Because I’ve been training models on a GPU but lately the jobs became mysteriously slow for some reason. I wanted to see which part of the training process is taking longer than expected.

What I observe is

epoch_toc - epoch_tic = 45 min
batch_load_toc - batch_load_tic = 0.005s
update_toc - batch_load_toc = 0.0423s

One epoch in my case contains 250 batches, but (0.005+0.0423)*250 is only about 12 minutes. So I’m wondering where are the remaining 45-12=33 minutes and is there a way to time it?

Thanks!

Your current script tries to profile the host to device transfer time, which wouldn’t work, since CUDA operations are asynchronous, so you would need to synchronize the code via torch.cuda.synchronize() before starting and stopping the timer.
To profile the data loading, you could use the data_time object from the ImageNet example.

Hi @ptrblck,

Thank you so much for your reply! If I only care about

  1. time to finish one epoch
  2. time of entire mini-batch
  3. time of loading each mini-batch

then I don’t need to use torch.cuda.synchronize(), and instead I can just modify the code as

for epoch in range(n_epoch):
    epoch_tic = time.time()
    tic = time.time()
    for x_batch, y_batch in training_loader:
        
        batch_load_time = time.time() - tic
        
        x_batch = x_batch.to(device)
        y_batch = y_batch.to(device)
        
        nnet = nnet.train()
        yhat = nnet(x_batch)
        loss = loss_fn(yhat, y_batch)
        
        optimizer.zero_grad()
        loss.backward()
        optimizer.step()
        
        batch_time = time.time() - tic
        tic = time.time()
    
    epoch_time = time.time() - epoch_tic

And correspondingly,

  1. epoch_time is the time to finish one epoch
  2. batch_load_time is the time to load one mini-batch of data
  3. batch_time is the time to finish the training of one mini-batch

Is this correct?

batch_load_time should give you the latency of the DataLoader, so it should approximate zero, if the DataLoader is fast enough to preload the next batches.

However, epoch_time and batch_time will not give you an accurate result without synchronizations, as the GPU might be busy while the host code stops the timer.
To get valid profiles, you would have to add synchronizations.

Hi @ptrblck,

Thank you for your reply!

So the correct way should be adding torch.cuda.synchronize() in front of every time.time() call right?

for epoch in range(n_epoch):
    torch.cuda.synchronize()
    epoch_tic = time.time()
    tic = time.time()
    for x_batch, y_batch in training_loader:
        torch.cuda.synchronize()
        batch_load_time = time.time() - tic
        
        x_batch = x_batch.to(device)
        y_batch = y_batch.to(device)
        
        nnet = nnet.train()
        yhat = nnet(x_batch)
        loss = loss_fn(yhat, y_batch)
        
        optimizer.zero_grad()
        loss.backward()
        optimizer.step()
        torch.cuda.synchronize()
        batch_time = time.time() - tic
        tic = time.time()
    torch.cuda.synchronize()
    epoch_time = time.time() - epoch_tic

Yes, this would give you the accurate timings.
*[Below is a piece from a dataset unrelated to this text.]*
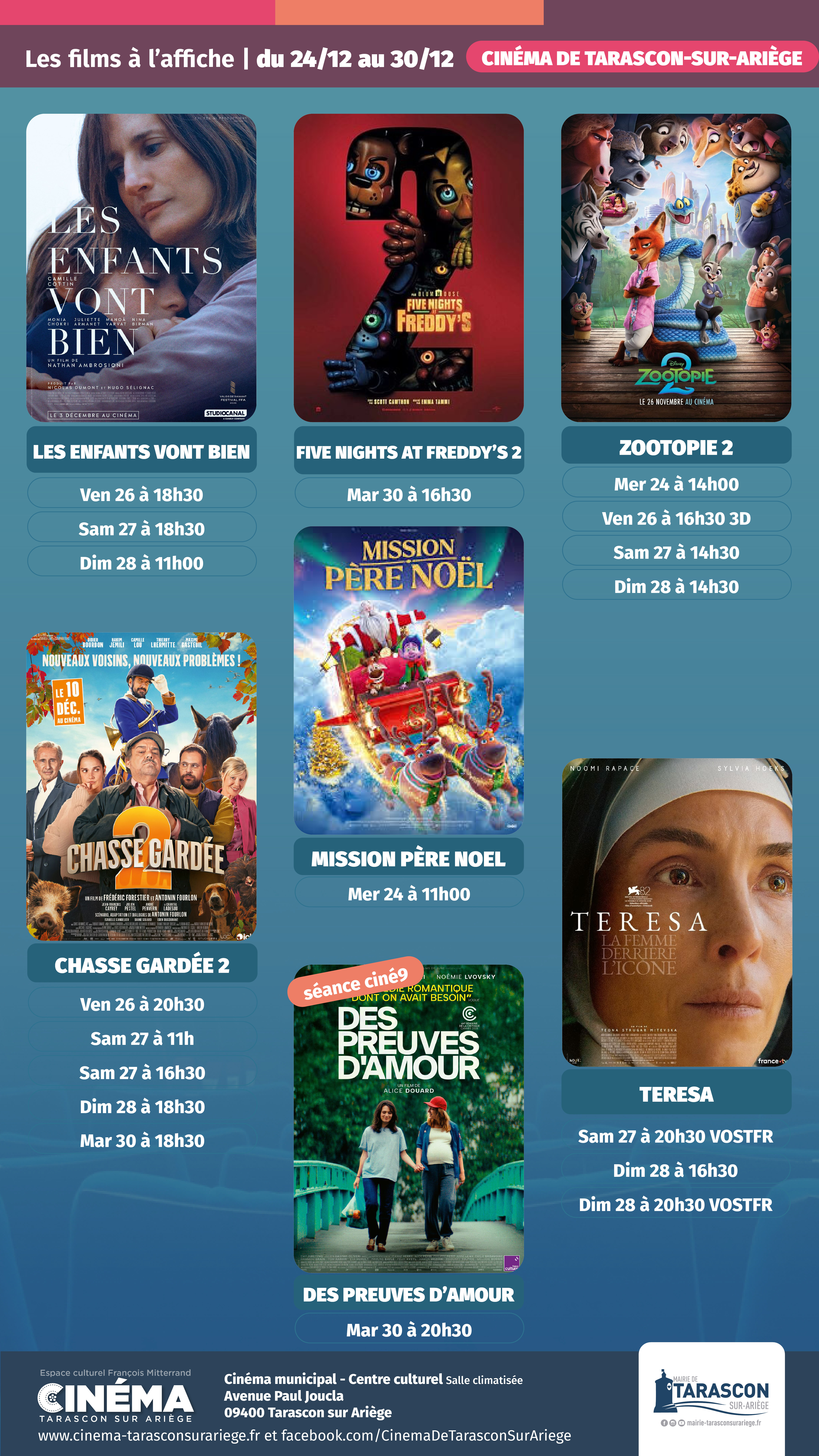 Programme à disposition dans le bâtiment ou sur le site de la mairie : https://cinema-tarasconsurariege.fr/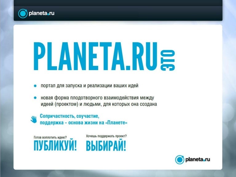 Существуют также другие специализированные платформы, посвященные музыкальным и литературным проектам – PledgeMusic, Unbound и Distrify. А для желающих создать свой стартап могут быть полезными сайты Fundable, Crowdcube и Seedrs. Все, что требуется от автора идеи, – подробно описать, почему именно она достойна инвестирования и чем новшество будет полезно обществу, как сможет изменить мир, или как жертвователи смогут получить обратно свои деньги.

Once you have the profiles, you should remove it again to allow the asynchronous calls again.

Note that the first iterations (or each iterations using a new input shape) will be slower, if you are using torch.backends.cudnn.benchmark = True, as cudnn will run some benchmarking on the current workload.

Also, usually you would add some warmup iterations, but this might not be necessary if you just want to narrow down the bottleneck.